Это было невероятно!
— Но откуда вы про него знаете?
— Ничего удивительного, — сказал Ангел 4. — Этот монстр, первый, кто встречает вас в том мире и последний, кто из него провожает! Он всё ещё там — возле своего первобытного костра и он ждёт вас, Зигмунд Фрейдович! Запомните это раз и навсегда!
Он поднялся с кушетки, подобрал с пола деревянную лопату для уборки снега и прислонил её черенком к стене.
— Оправдайте выбор Важного Специалиста, и, клянусь вам, вы никогда об этом не пожалеете!
Я не видел, как он встал. Как вышел в коридор и всё такое! Я только слышал, как за ним сомкнулись двери его социального лифта и Ангел 4 умчался в свою привычную действительность, сильно напоминающую сырую тёмную пещеру, наполненную тысячами счастливых летучих мышей, похожих друг на друга, как гвозди!
«А что, если он прав? — подумал я, оставшись один. — Что, если теория «О Коридоре и Этажах» применительна и в отношении к людям и мы видим их такими, какими хотим видеть?»

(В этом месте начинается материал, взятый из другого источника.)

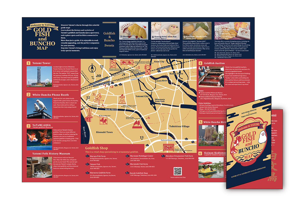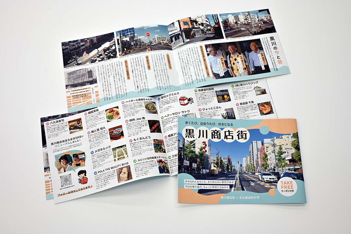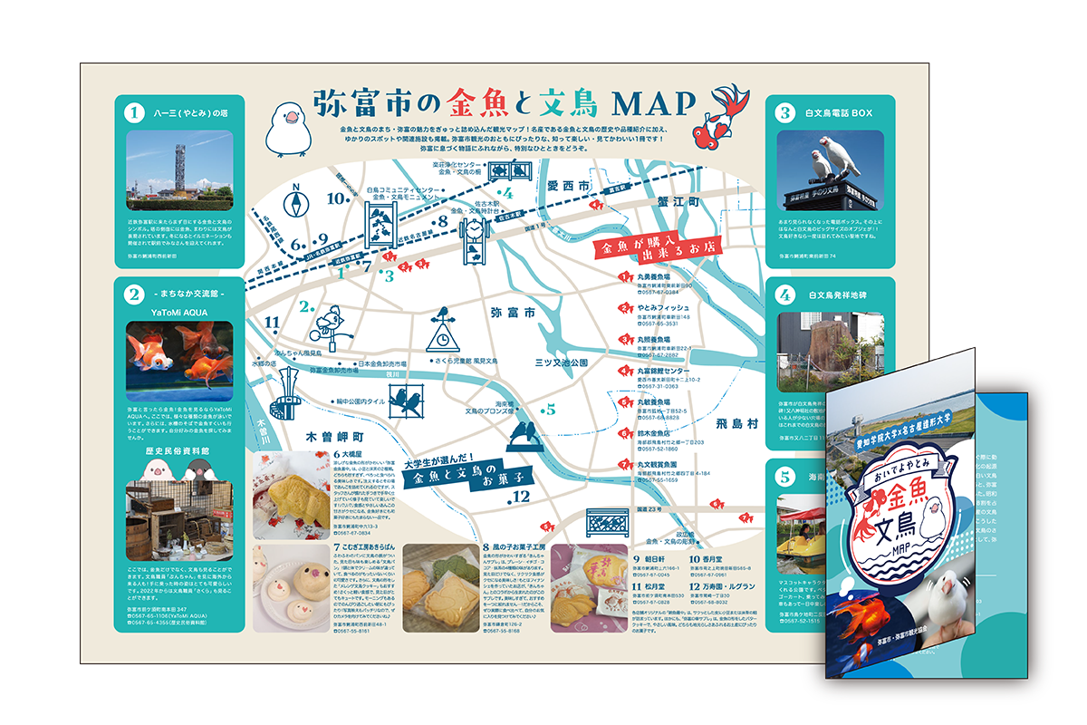 リーフレット・マップ制作 学生の思考力・表現力向上を目的として、観光マップやまちあるきマップをはじめとしたリーフレット制作を行なっています。学生が実際に現地を視察し、学生目線ならではの発想を活かしながら、地域の魅力発信や課題解決につながる取組みを目指します。 実際の制作事例 ▲弥富市役所×愛知学院大学×名古屋造形大学 「弥富市マップ(英語版)」 ▲弥富市役所×愛知学院大学×名古屋造形大学 「弥富市マップ(日本語)」 ▲春日井市教育委員会×名古屋造形大学 「かすがい あそびばマップ」 ▲黒川商店街×名古屋造形大学 「黒川商店街マップ」 ▲大杉まちづくり会×名古屋造形大学 「大杉学区界隈今昔地図」

Мне нужно было подождать, прежде, чем я получу ответ на свой вопрос. И время, слава Макинтошу, было на моей стороне!
3.
СТРАСТИ ПО АНДРЕЮ.
Я был слегка удивлён, увидев в своём офисе Левшу. Он, как ни в чём не бывало, сидел на кожанном буржуйском диване с круглыми подлокотниками и без особого интереса просматривал последний номер всё той же «АБВГдейки». Почему я подумал, что диван буржуйский? Уж не потому ли, что вся немногочисленная мебель была здесь самого лучшего образца и создавала какую-то забытую атмосферу уездно-губернского присутственного места времён Достоевского и Гоголя! Может, дело в карельской берёзе, может, в палисандре или ротанге — я в этом совершенно не разбираюсь, но и от рабочего стола с лампой под зелёным абажуром, и от стульев с мягкими сиденьями, обитыми цветастой щёлоковой тканью, и от картин в тяжёлых позолоченных окладах, и даже от напольной кованной вешалки — от всего этого буквально разило старомодной киношной роскошью!
Даже пахло чем-то сыромятным и пасконно-патефонным, от чего так и подмывало затянуть что-нибудь вроде «Вот мчится тройка почтовая…»
— Ну как? — спросил Левша, не отрываясь от газеты. — Подкорректировать или так сойдёт?
— Твоих рук дело?
Я был вдрызг обескуражен!
— Если б рук, — вздохнул Левша. — Руки! Я подумал, завтра заседание, а тут не кабинет, а бомбоубежище! Пришлось обратиться к былому опыту! — Он попросил у меня фуражку и повесил её на вешалку. — Видали, словно тут и висела!
— Со столом ещё ладно, хотя, что значит — ладно… — мямлил я, не зная куда приткнуться. — Но картины то ты откуда взял?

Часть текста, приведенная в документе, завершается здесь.